Wow! I feel like this would belong in a lawn mower museum if such a thing existed. I honestly didn't put 2&2 together with the zero turn. Whole idea behind a zero turn is because it's so big, you need that feature. Even still to me, this seems like a win win - nice to have feature. I wonder why it didn't catch on?

I do love Honda pushers just was totally thrown by these front wheels!


----------



## Green (Dec 24, 2017)

Craftsman/Cub Cadet still market (through MTD) a caster wheel 21" mower like this Honda. You can buy it today!


----------



## MichiganGreen (Aug 7, 2018)

Green said:


> Craftsman/Cub Cadet still market (through MTD) a caster wheel 21" mower like this Honda. You can buy it today!


You learn something new....


----------



## Green (Dec 24, 2017)

MichiganGreen said:


> Green said:
> 
> 
> > Craftsman/Cub Cadet still market (through MTD) a caster wheel 21" mower like this Honda. You can buy it today!
> ...


Here it is:

https://www.sears.com/craftsman-12avp7bb799-39775-21inch-190cc-caster-wheel/p-A013603247?sid=IDx01192011x000001x1581680077&utm_campaign=9003318&utm_group=62284857960-296967487094&utm_term=pla-477772591668&gclid=Cj0KCQiA8f_eBRDcARIsAEKwRGfHEtalk1GQKytTByU-DFOY4hTC1-QQxgBwfdQTTuS0hYEXfA5YgvEaAlVoEALw_wcB


----------



## MichiganGreen (Aug 7, 2018)

Green said:


> MichiganGreen said:
> 
> 
> > Green said:
> ...


Interesting, no I'm not in the market for a mower but just caught my eye. The reviews on this one are crushing though! Ouch.


----------



## TN Hawkeye (May 7, 2018)

I had a John Deere like that and the casters were terrible. They would get stuck side ways when I tried to back up. I ended up just locking them in the forward position.


----------



## gene_stl (Oct 29, 2017)

https://www.homedepot.com/p/Ariens-Swivel-Wheel-Kit-for-Ariens-21-in-Classic-Walk-Behind-Lawn-Mowers-71104100/202065484


----------



## chrismar (May 25, 2017)

... and here's a pic of my "monstrosity":








I miss her, but it Bobbi is better.


----------



## MasterMech (Sep 24, 2017)

TN Hawkeye said:


> I had a John Deere like that and the casters were terrible. They would get stuck side ways when I tried to back up. I ended up just locking them in the forward position.

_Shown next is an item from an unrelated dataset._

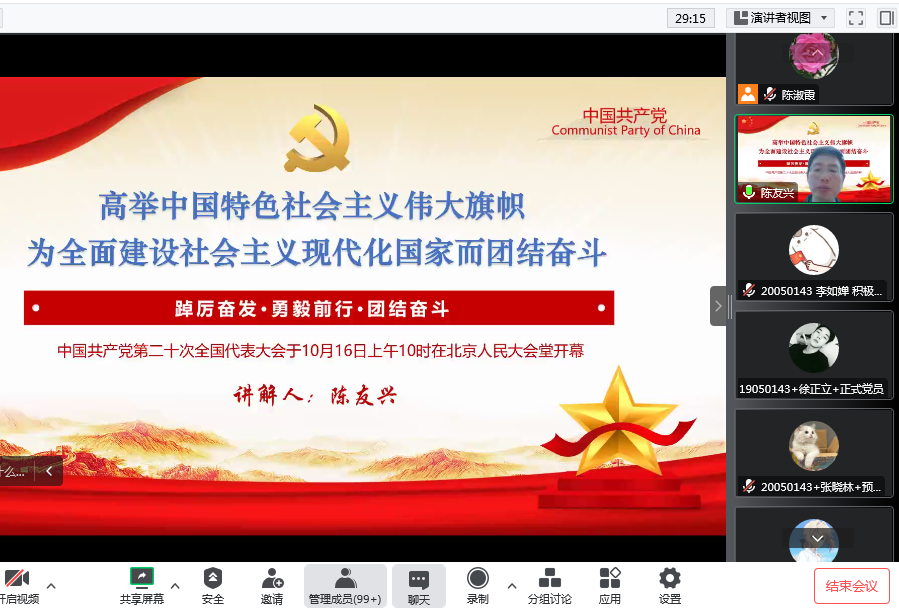 院党委委员陈友兴对接电子信息工程专业师生党支部。他强调,高等院校是建设教育强国、科技强国、人才强国的重要领地;教工党员是培养人才的中坚力量;学生党员是实现第二个百年奋斗目标的有生力量,他号召师生党员要“入脑入心”学、“真学实干”做,把大会精神转化为加快推进学校“双一流”建设的强大动力。

Yup. The JS63C was a problematic unit with many attempts by Deere to improve. They sure did sell a bunch of them though. They usually worked out fine if your lawn was smooth and level, but even small bumps would take their toll over time. The caster wheel posts would bend slightly and due to being so long, this had a significant effect on the chassis geometry, hence the tendency for the wheels to head sideways on you.


----------



## TN Hawkeye (May 7, 2018)

MasterMech said:


> TN Hawkeye said:
> 
> 
> > I had a John Deere like that and the casters were terrible. They would get stuck side ways when I tried to back up. I ended up just locking them in the forward position.
> ...


I did really like the self propelled system on that mower. It was the closest thing to what Toro has now that I've used. Once I locked the caster wheels the mower was a pretty good mower.


----------